Formally, let \(\varSigma \) be the set of states of a concurrent system and \(s_0\in \varSigma \) be the unique initial state. The partial function \(\textit{execute}_{p}:\varSigma \mapsto \varSigma \) describes execution, representing an atomic execution step of process p, which may depend on and affect the state. An execution sequence \({E}\) of the system is a finite sequence of execution steps of its processes that is performed from the initial state. We use \(\langle \rangle \) to denote the empty sequence and . to denote concatenation of sequences of process steps (e.g., p.p.q denotes the execution sequence where first p performs two steps, followed by a step of q). The sequence of process steps in \({E}\) also uniquely determine the state of the system after \({E}\), which is denoted \(s_{[{E}]}\). For a state \(s\), let \({ enabled}(s)\) denote the set of processes p that are enabled in \(s\) (i.e., for which \(\textit{execute}_{p}(s)\) is defined). If \(p \in { enabled}(s_{[{E}]})\), then \({E}.p\) is an execution sequence. A sequence \({E}\) is maximal if \({ enabled}(s_{[{E}]}) = \emptyset \), i.e.,  no process is enabled after \({E}\). An event \(\langle p,i\rangle \) of \({E}\) is a particular occurrence of a process in \({E}\), representing the i-th occurrence of process p in the execution sequence. We use \(w, w', \ldots \) to range over sequences, \(e, e', \ldots \) to range over events, as well as:

  • \({E} \vdash w\) to denote that \({E}.w\) is an execution sequence.

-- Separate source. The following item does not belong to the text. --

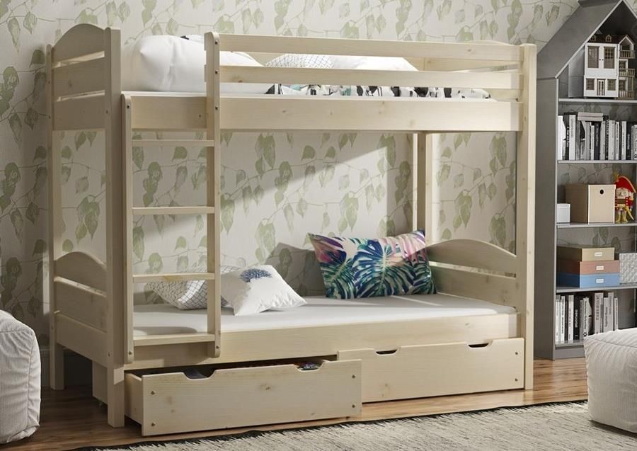 Łóżko piętrowe TOLA 90X200 + szuflady ŚWIERK Łóżko TOLA powstało na potrzeby osób, dla których bezpieczeństwo, solidność, trwałość wykonania oraz praktyczność są cechami najważniejszymi jakimi powinno się charakteryzować łóżko piętrowe. Łóżko piętrowe TOLA charakteryzuje się wysoką przestrzenią pomiędzy ramą dolną,a górną łóżka. Dzięki masywnym przekrojom i stabilnej drabince TOLA jest wysoko ceniona przez naszych klientów. Zastosowane barierki zabezpieczające, o wysokości 15 cm, chronią przed wypadnięciem z górnej powierzchni spania. Zalety Całość wykonana z litego drewna świerkowego. Barierki zabezpieczające o wys. 26 cm (z tyłu i z przodu). Zaokrąglone krawędzie chroniące przed urazami. Solidna i trwała konstrukcja łóżka. Wytrzymała drabinka. Masywne nogi – 4,5 x 9 cm. Przekrój desek – 14 x 2,8 cm. Łóżko dwukrotnie zabezpieczone lakierem wodnym spełniającym certyfikat PN-EN 71. Wykonane ręcznie z drewna świerkowego, skręcane solidnie za pomocą śrub mosiężnych oraz kołków drewnianych. Łatwy montaż i czytelna instrukcja. Łóżko spełnia normy PN-EN 747-1 oraz PN-EN 747-2, w zakresie krytycznych wymagań wytrzymałościowych i bezpiecznych rozwiązań konstrukcyjnych. W skład łóżka wchodzą -konstrukcja z litego drewna świerkowego z barierkami zabezpieczającymi łóżka górnego -drabinka -stelaże pod materace -gwarancja 24 miesiące -instrukcja -komplet śrub, kołków oraz kluczy. -dwie głębokie i pojemne szuflady na kółkach całkowicie wysuwane spod łóżka Łóżko z drewna świerkowego - Dlaczego? - Drewno jest w 100% materiałem ekologicznym nie posiadającym żadnych udoskonalaczy. - Drewno świerkowe jest bardziej szlachetniejsze od drewna sosnowego ze względu na niską zawartość żywicy, przez co produkt jest trwalszy. - Drewno świerkowe posiada więcej usłojeń co sprawia,że produkt ładniej wygląda. WYMIARY: Powierzchnia do spania: 90x200 cm Wymiary zewnętrzne: 104x209 cm Wysokość szczytów: 170 cm Wysokość ramy dolnej łóżka: 37 cm Wysokość ramy górnej łóżka bez zabezpieczenia: 138 cm Szerokość wejścia: 33 cm Przestrzeń między ramami łóżka: 87 cm Głębokość szuflad: 18 cm Długość wewn. szuflad: 78 cm Szerokość wewn. szuflad: 89 cm Dodatkowe informacje: Głębokość w ramie łóżka pod stelaż i materac wynosi 11 cm. Wysokość ramy dolnej łóżka, mierzona od podłogi wynosi 37 cm. Wysokość ramy górnej łóżka bez zabezpieczenia, mierzona od podłogi wynosi 138 cm. Wysokość barierki zabezpieczającej od ramy łóżka wynosi 26 cm. UWAGA! WERSJA ŁÓŻKA Z SZUFLADAMI DOSTĘPNA RÓWNIEŻ W KOLORZE BIAŁYM I SZARYM!

  • \(w\!\setminus \!p\) to denote the sequence w with its first occurrence of p removed.

  • \({ dom}({E})\) to denote the set of events \(\langle p,i\rangle \) which are in \({E}\).

  • \({ dom}_{[{E}]}(w)\) to denote \({ dom}({E}.w)\setminus { dom}({E})\), i.e., the events  in \({E}.w\) which are in w.

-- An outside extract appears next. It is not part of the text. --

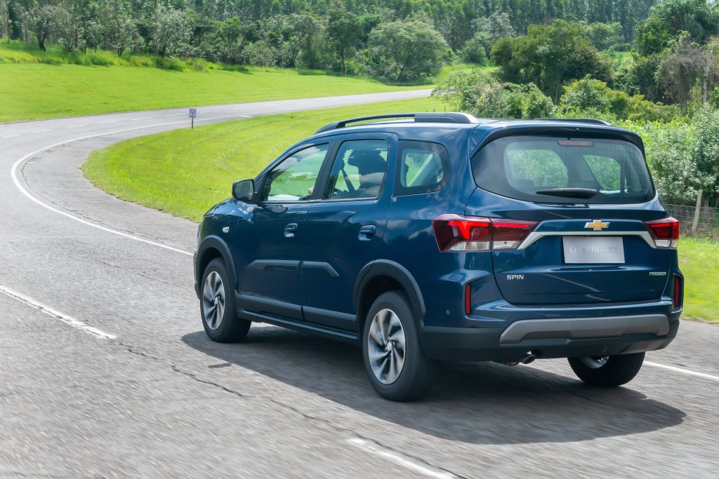 A Spin que testamos foi a Premier, versão topo de linha. Nela, a lista de equipamentos é bem mais recheada, com terceira fileira de bancos, ar-condicionado digital, partida por botão, sensor de chuva, sensor crepuscular, sensor de estacionamento, computador de bordo, câmera de ré, rodas de liga leve de 16 polegadas com acabamento diamantado, alerta de colisão, alerta de saída de faixa, alerta de ponto cego, frenagem automática de emergência, indicador de distância do carro à frente, carregador por indução e detalhes cromados na carroceria.

  • \({ next}_{[{E}]}(p)\) to denote \({ dom}_{[{E}]}(p)\) as a special case.

  • \(\widehat{e}\) to denote the process p of an event \(e= \langle p,i\rangle \).

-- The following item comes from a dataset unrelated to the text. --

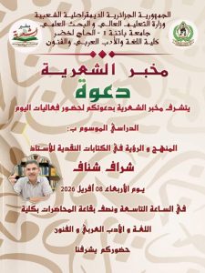 - يوم دراسي: المنهج و الرؤية في الكتابات النقدية ل أ.د شراف شناف

  • \(e<_{{E}} e'\) to denote that \(e\) occurs before \(e'\) in \({E}\), i.e., \(<_{{E}}\) is the total order of events.

  • \({E}' \le {E}\) to denote that the sequence \({E}'\) is a prefix of the sequence \({E}\).

We assume a function which assigns a happens-before relation [15] to any execution sequence \({E}\), denoted as \({\rightarrow }_{{E}}\).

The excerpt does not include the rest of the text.